Records shown:
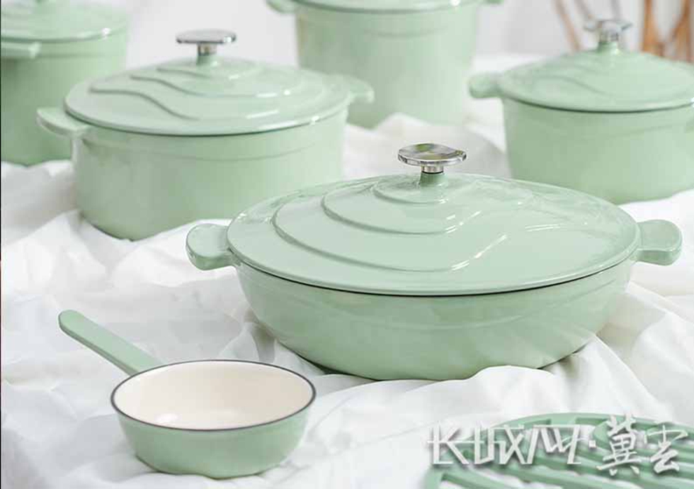 珐琅是涂烧在金属底坯表面上的无机玻璃瓷釉,珐琅锅具有导热快而均匀、保温好的优点。作为归禾器铸铁锅品牌创始人,李哲8年前选择竞争激烈的厨具市场,有着自己的眼光和自信。
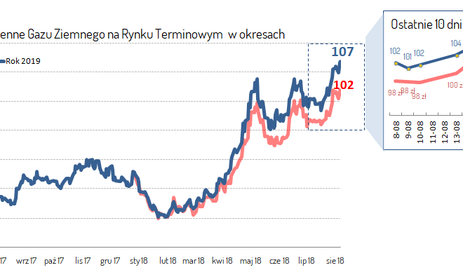 Ceny gazu ziemnego wciąż rosną. Dziś płacimy o około 20 % więcej za gaz niż jeszcze rok temu. W kontrakcie na 2019 rok cena osiągnęła już 107 zł/MWh a sezon grzewczy dopiero przed nami. Czeka nas droga zima i nic nie wskazuje na to aby trend miał się odwrócić. Rosną ceny gazu rośnie cena prądu, cena ropy już jest wysoka. Cieszy się chyba tylko Państwo, które w pełni kontroluje dostawców tych paliw. Przeczytaj również: Drożej, coraz drożej…
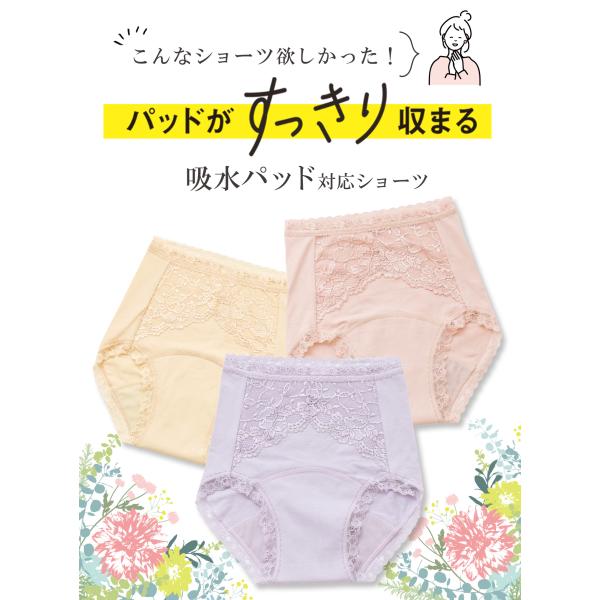 ショーツ 吸水パッド対応 専用 尿漏れ 尿取り 女性 レース付き 綿95% 綿混 コットン 吸水ライナー パット はがれにくい パッドが大きい おすすめ
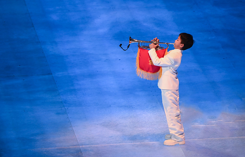开幕式国旗传递环节,一名小男孩站在旗杆下,用小号吹响了嘹亮深情的《我和我的祖国》。小号声响起的瞬间,全世界观众的目光都落在这个稚嫩可爱的孩子身上。
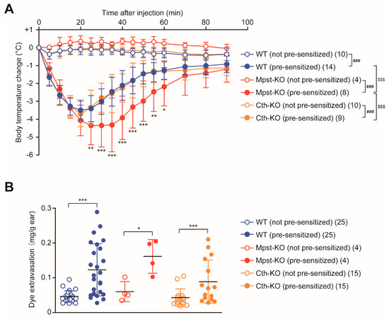 In this study, we analyzed, for the first time, the systemic anaphylactic responses in Cth-KO and Mpst-KO mice and found greater PSA (but not PCA) responses in Mpst-KO mice (Figure 5). In anaphylaxis, mast cells and macrophages secrete various inflammatory mediators including histamine, platelet-activating factor, and cysteinyl leukotrienes; thereby eliciting vasodilation and increased vascular permeability which leads to hypothermia [35,36]. Passive anaphylactic responses originate from mast cells that are pre-sensitized with antigen-specific IgE antibodies [33]. Because vascular permeability levels (in PCA assay) were equivalent between Mpst-KO and WT mice, enhanced hypothermic responses (in PSA assay) are likely caused by abnormal vasodilation and autonomous thermoregulation rather than mast cell responses. A recent study demonstrated that the administration of propargylglycine into mice, a non-specific inhibitor of Cth, interferes with LPS (lipopolysaccharide)-induced and brown adipose tissue-mediated thermogenesis [37]; suggesting a possible role for H2S/RSS in general thermoregulation. Further studies are necessary to delineate the roles of Mpst/Cth and produced H2S/RSS in the thermoregulation.
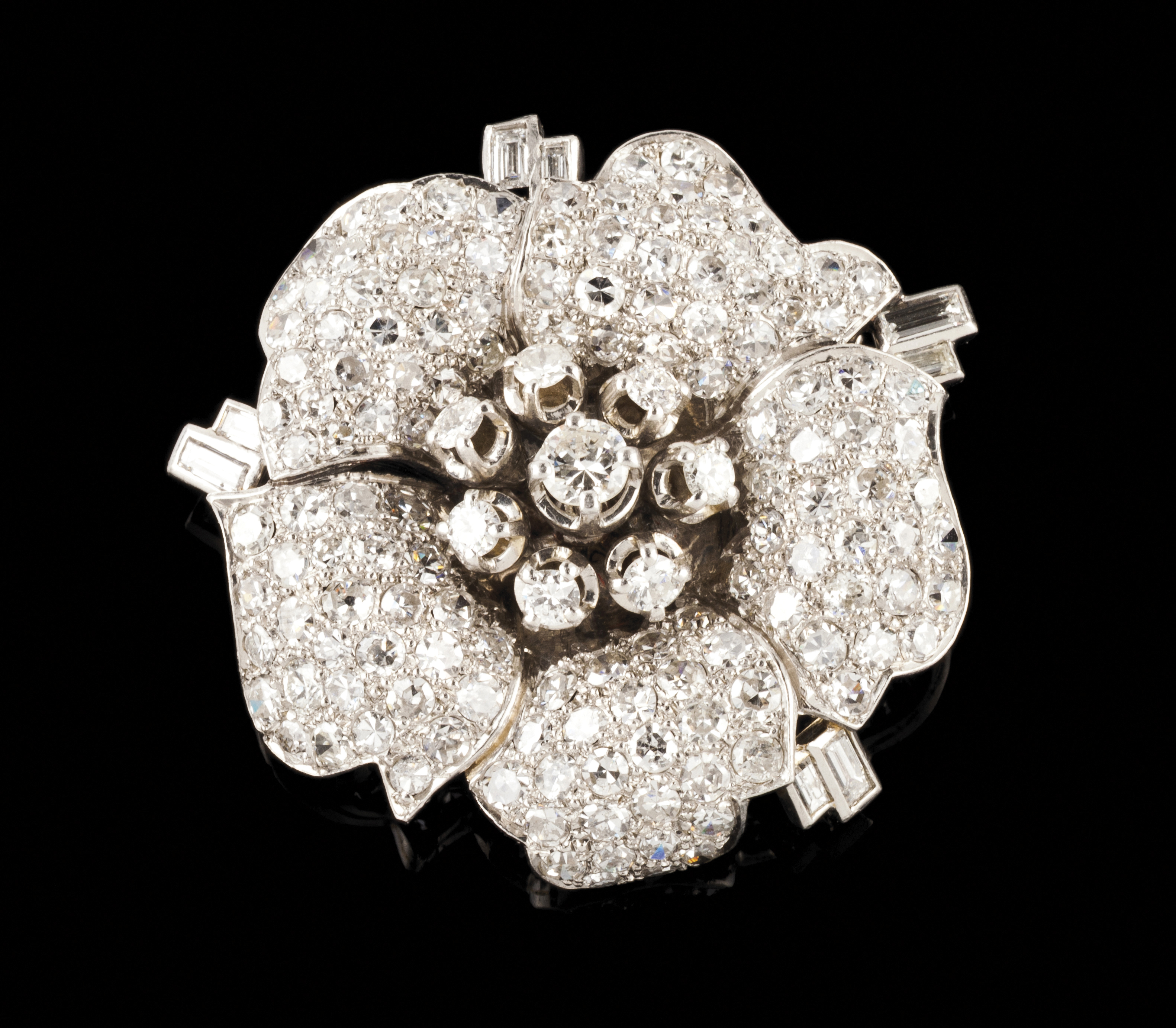 Em ouro branco cravejado com 148 diamantes talhe 8/8 e brilhante e 8 diamantes talhe baguette (ca. 3,58ct)
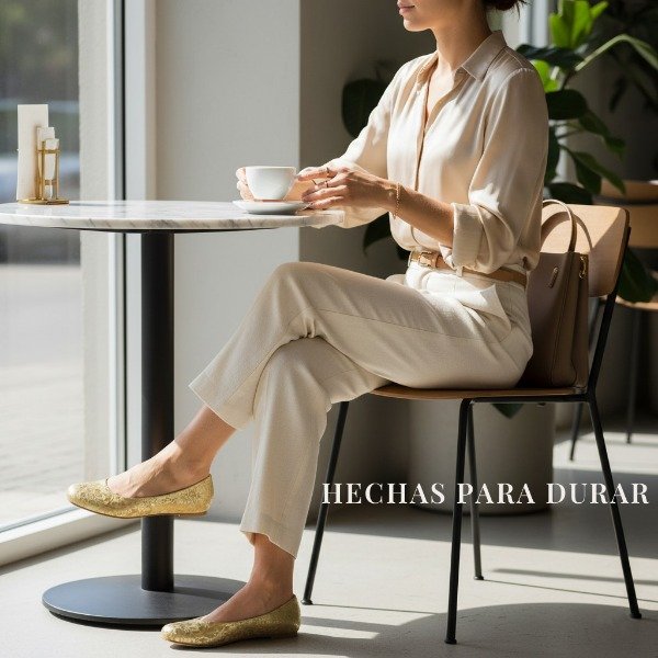 Hay zapatos que te visten, y hay zapatos que te iluminan. Nuestras balerinas doradas son una pieza de arte pensada para acompañarte con elegancia y un confort excepcional. El delicado transfer dorado sobre el cuero genuino las convierte en el toque de luz perfecto para elevar cualquier outfit, desde un look de oficina hasta tus jeans preferidos.
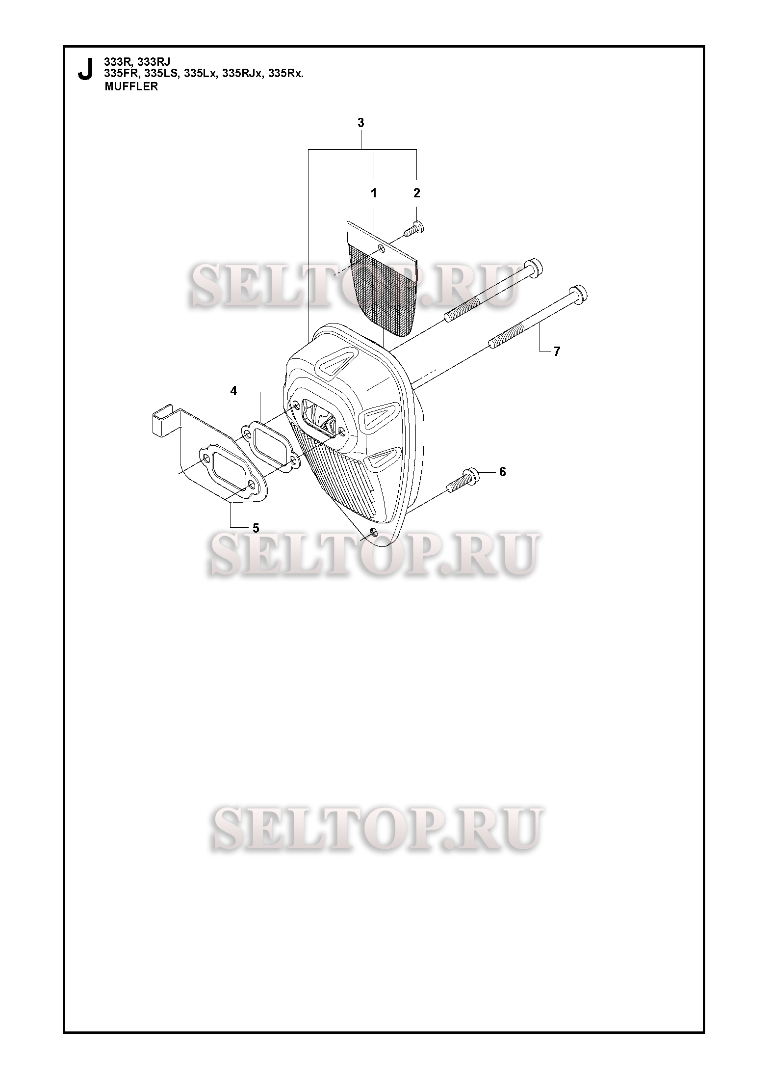 Глушитель для триммера Husqvarna 335 RJX (c 2008-2010), взрыв-схема:
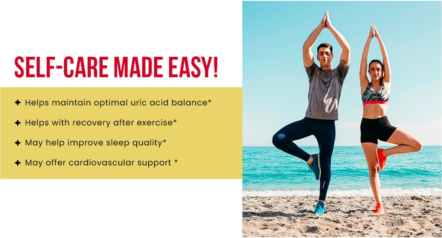 About this item May Support Joint Flexibility: Our joint support supplement for men and women is specifically formulated to harness the natural inflammatory-reducing properties of tart cherries, helping provide effective relaxation in joint pain and discomfort. By targeting inflammation at its source, this supplement may help improve overall joint well-being and mobility. May Support Digestion: Our Tart Cherry with celery seeds supplement may help in digestion. Packed with antioxidants and fiber, tart cherries help in maintaining a balanced digestive system, may reduce bloating, and support gut welfare. May Support Sleep & Vitality: Our tart cherry sleep support supplement may help you experience the restorative power of tart cherries. By naturally improving melatonin levels, it may support better sleep patterns, helping you wake up refreshed and energized. The added vitality helps ensure you stay active and ready to tackle each day with renewed vigor. Natural Antioxidant: Rich in anthocyanins, our Tart Cherry capsules may help serve as a potent antioxidant source, combating free-radicals in the body. This antioxidative supplement helps protect your cells and tissues from damage, supporting long-term well-being and vitality. How to Consume: The easy-to-swallow vitality support capsules are made to be quickly and effectively absorbed in the body. Take two capsules daily with a full glass of water. The supplement for immune support for adults is suitable to consume for both men and women.  See more product details,May Support Joint Flexibility: Our joint support supplement for men and women is specifically formulated to harness the natural inflammatory-reducing properties of tart cherries, helping provide effective relaxation in joint pain and discomfort. By targeting inflammation at its source, this supplement may help improve overall joint well-being and mobility,May Support Digestion: Our Tart Cherry with celery seeds supplement may help in digestion. Packed with antioxidants and fiber, tart cherries help in maintaining a balanced digestive system, may reduce bloating, and support gut welfare,May Support Sleep & Vitality: Our tart cherry sleep support supplement may help you experience the restorative power of tart cherries. By naturally improving melatonin levels, it may support better sleep patterns, helping you wake up refreshed and energized. The added vitality helps ensure you stay active and ready to tackle each day with renewed vigor,Natural Antioxidant: Rich in anthocyanins, our Tart Cherry capsules may help serve as a potent antioxidant source, combating free-radicals in the body. This antioxidative supplement helps protect your cells and tissues from damage, supporting long-term well-being and vitality,How to Consume: The easy-to-swallow vitality support capsules are made to be quickly and effectively absorbed in the body. Take two capsules daily with a full glass of water. The supplement for immune support for adults is suitable to consume for both men and women

Exercise directions: If pictures appear among the entries above, omit them; repeat everything else verbatim.

Answer to the exercise:
 珐琅是涂烧在金属底坯表面上的无机玻璃瓷釉,珐琅锅具有导热快而均匀、保温好的优点。作为归禾器铸铁锅品牌创始人,李哲8年前选择竞争激烈的厨具市场,有着自己的眼光和自信。
 Ceny gazu ziemnego wciąż rosną. Dziś płacimy o około 20 % więcej za gaz niż jeszcze rok temu. W kontrakcie na 2019 rok cena osiągnęła już 107 zł/MWh a sezon grzewczy dopiero przed nami. Czeka nas droga zima i nic nie wskazuje na to aby trend miał się odwrócić. Rosną ceny gazu rośnie cena prądu, cena ropy już jest wysoka. Cieszy się chyba tylko Państwo, które w pełni kontroluje dostawców tych paliw. Przeczytaj również: Drożej, coraz drożej…
 ショーツ 吸水パッド対応 専用 尿漏れ 尿取り 女性 レース付き 綿95% 綿混 コットン 吸水ライナー パット はがれにくい パッドが大きい おすすめ
开幕式国旗传递环节,一名小男孩站在旗杆下,用小号吹响了嘹亮深情的《我和我的祖国》。小号声响起的瞬间,全世界观众的目光都落在这个稚嫩可爱的孩子身上。
 In this study, we analyzed, for the first time, the systemic anaphylactic responses in Cth-KO and Mpst-KO mice and found greater PSA (but not PCA) responses in Mpst-KO mice (Figure 5). In anaphylaxis, mast cells and macrophages secrete various inflammatory mediators including histamine, platelet-activating factor, and cysteinyl leukotrienes; thereby eliciting vasodilation and increased vascular permeability which leads to hypothermia [35,36]. Passive anaphylactic responses originate from mast cells that are pre-sensitized with antigen-specific IgE antibodies [33]. Because vascular permeability levels (in PCA assay) were equivalent between Mpst-KO and WT mice, enhanced hypothermic responses (in PSA assay) are likely caused by abnormal vasodilation and autonomous thermoregulation rather than mast cell responses. A recent study demonstrated that the administration of propargylglycine into mice, a non-specific inhibitor of Cth, interferes with LPS (lipopolysaccharide)-induced and brown adipose tissue-mediated thermogenesis [37]; suggesting a possible role for H2S/RSS in general thermoregulation. Further studies are necessary to delineate the roles of Mpst/Cth and produced H2S/RSS in the thermoregulation.
 Em ouro branco cravejado com 148 diamantes talhe 8/8 e brilhante e 8 diamantes talhe baguette (ca. 3,58ct)
 Hay zapatos que te visten, y hay zapatos que te iluminan. Nuestras balerinas doradas son una pieza de arte pensada para acompañarte con elegancia y un confort excepcional. El delicado transfer dorado sobre el cuero genuino las convierte en el toque de luz perfecto para elevar cualquier outfit, desde un look de oficina hasta tus jeans preferidos.
 Глушитель для триммера Husqvarna 335 RJX (c 2008-2010), взрыв-схема:
 About this item May Support Joint Flexibility: Our joint support supplement for men and women is specifically formulated to harness the natural inflammatory-reducing properties of tart cherries, helping provide effective relaxation in joint pain and discomfort. By targeting inflammation at its source, this supplement may help improve overall joint well-being and mobility. May Support Digestion: Our Tart Cherry with celery seeds supplement may help in digestion. Packed with antioxidants and fiber, tart cherries help in maintaining a balanced digestive system, may reduce bloating, and support gut welfare. May Support Sleep & Vitality: Our tart cherry sleep support supplement may help you experience the restorative power of tart cherries. By naturally improving melatonin levels, it may support better sleep patterns, helping you wake up refreshed and energized. The added vitality helps ensure you stay active and ready to tackle each day with renewed vigor. Natural Antioxidant: Rich in anthocyanins, our Tart Cherry capsules may help serve as a potent antioxidant source, combating free-radicals in the body. This antioxidative supplement helps protect your cells and tissues from damage, supporting long-term well-being and vitality. How to Consume: The easy-to-swallow vitality support capsules are made to be quickly and effectively absorbed in the body. Take two capsules daily with a full glass of water. The supplement for immune support for adults is suitable to consume for both men and women.  See more product details,May Support Joint Flexibility: Our joint support supplement for men and women is specifically formulated to harness the natural inflammatory-reducing properties of tart cherries, helping provide effective relaxation in joint pain and discomfort. By targeting inflammation at its source, this supplement may help improve overall joint well-being and mobility,May Support Digestion: Our Tart Cherry with celery seeds supplement may help in digestion. Packed with antioxidants and fiber, tart cherries help in maintaining a balanced digestive system, may reduce bloating, and support gut welfare,May Support Sleep & Vitality: Our tart cherry sleep support supplement may help you experience the restorative power of tart cherries. By naturally improving melatonin levels, it may support better sleep patterns, helping you wake up refreshed and energized. The added vitality helps ensure you stay active and ready to tackle each day with renewed vigor,Natural Antioxidant: Rich in anthocyanins, our Tart Cherry capsules may help serve as a potent antioxidant source, combating free-radicals in the body. This antioxidative supplement helps protect your cells and tissues from damage, supporting long-term well-being and vitality,How to Consume: The easy-to-swallow vitality support capsules are made to be quickly and effectively absorbed in the body. Take two capsules daily with a full glass of water. The supplement for immune support for adults is suitable to consume for both men and women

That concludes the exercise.